BEGIN Data excerpt

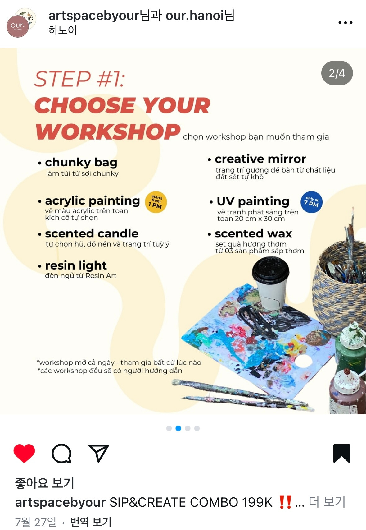 발리에서 그림 그리는 클래스가 너무 재미있고 색다른 경험으로 좋았어서 하노이 여행에도 인스타그램 등을 통해 페인팅 클래스를 찾아보았다. 그중에서 한 카페에서 진행하는 199동에 음료 한 잔과 원하는 활동에 참여할 수 있는 프로그램을 봤다. 아크릴 페인팅이나 UV페인팅을 해보고 싶은데 UV 페인팅 활동 사진을 보니 감각적이고 아름답다. DM을 보내서 다음날 예약할 수 있냐고 물었는데 흔쾌히 가능하다고 너무 친절하게 답장이 온다.
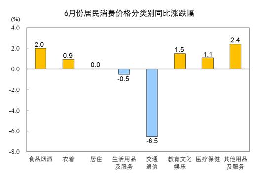 6月份,全国居民消费价格环比下降0.2%。其中,城市下降0.2%,农村下降0.2%;食品价格下降0.5%,非食品价格下降0.1%;消费品价格下降0.3%,服务价格上涨0.1%。
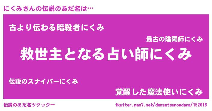 | 女子向けラノベタイトル風あだ名 | 『死神にくみの再婚』『闇のにくみ』 |

END Data excerpt

About this task: Retyped exactly, the lines from the one holding "6月份,全国居民消费价格环比" through the last line of the data above are the whole answer. Pictures stay out.

Exercise answer:
 6月份,全国居民消费价格环比下降0.2%。其中,城市下降0.2%,农村下降0.2%;食品价格下降0.5%,非食品价格下降0.1%;消费品价格下降0.3%,服务价格上涨0.1%。
 | 女子向けラノベタイトル風あだ名 | 『死神にくみの再婚』『闇のにくみ』 |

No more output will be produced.